Don’t be distracted by the Facebook climbdown “victory” – big issues remain

I wrote yesterday on the iCrossing UK blog some thoughts about the Facebook decision to revert to its old Terms of Sevice (TOS) in the face of a user revolt.

M’learned iCrossing NYC colleague Alisa is on the warpath over the Facebook Terms of Sevice (TOS) debacle. Seems she’s on to something, and I’m listening closely:

Some people have claimed that user data on Facebook is worthless (silly people). I recently wrote a post for Mashable on how Facebook could build a revenue model by essentially selling even anonymized user data. Silicon Alley Insider then posted about this same idea. Commenters to the SA post clearly didn’t get that what they view as “useless” or frivolous Facebook data is in fact extremely rich and valuable trend data– worth a lot of money to marketers, government entities, and private enterprises.
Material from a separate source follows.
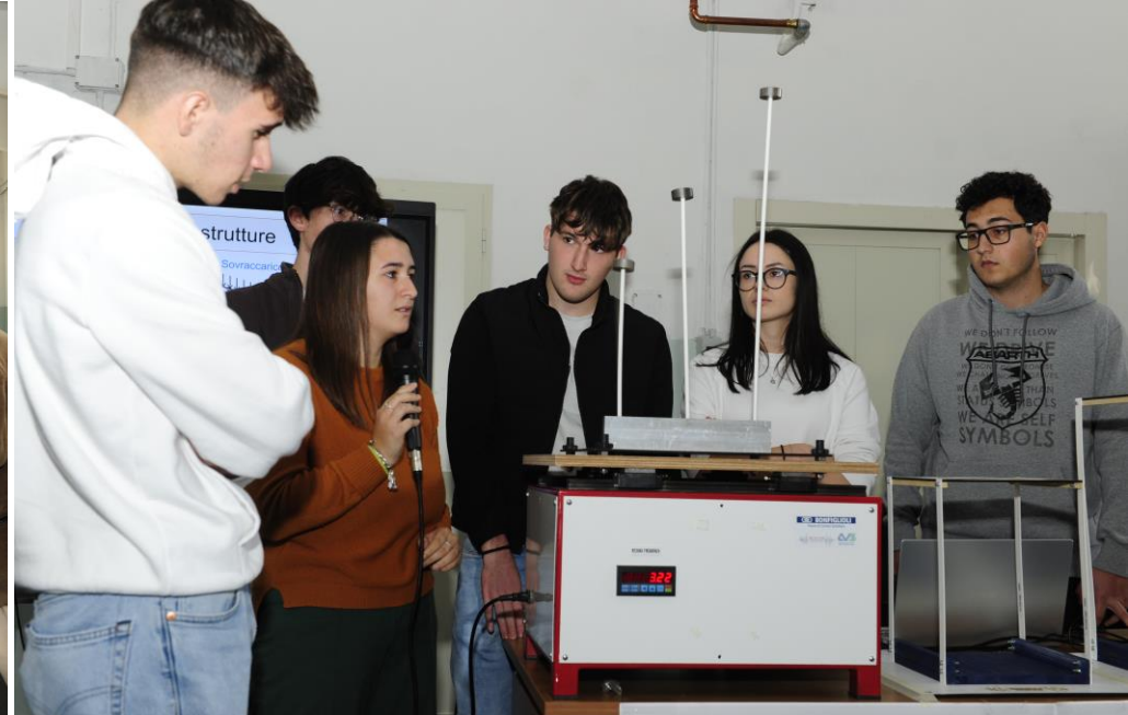
Borghese «Cicolano», 22 novembre 2023 – Incontro nella palestra dell'Istituto Onnicomprensivo Borghese

Its the value of our data that incenses me so much over the current Facebook TOS hub-bub. Its not enough to say “Facebook doesn’t own your data” when the license we grant them is so wholly encompassing so as to allow full usage of user data as if they did own it.
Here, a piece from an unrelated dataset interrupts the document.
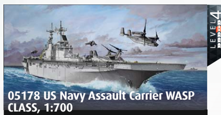
05178 US Navy Assault Carrier WASP CLASS, 1:700

The FB-TOS debacle dominated the top of the Techmeme news/blog aggregator yesterday, showing that this was issue number one for the digerati. From Perez Hilton to Pete Cashmore, everyone had a view.

Now it’s tucked down at the bottom of the page, with a couple of posts which have a users-force-Facebook-volte-face sort of flavour.

Was reverting to the old TOS is just legerdemain, misdirection on a grand scale? If so it hasn’t worked. This is an issue which has hit the mainstream, much more so than the Beacon advertising issue of a year ago, and many people have a niggling doubt in their minds about Facebook and their data.

It’s good to see the BBC continuing to look closely at the issue in its coverage. According to its man in Silicon Valley law suits were being prepared by privacy activists against Facebook at the moment that it decided to revert it its old TOS.

It’s made me think more about the concerns Tom Hodgkinson voiced in his article for the Guardian – one of its most popular articles ever, I believe – about Facebook’s suitability as the keeper of so much of our most private data.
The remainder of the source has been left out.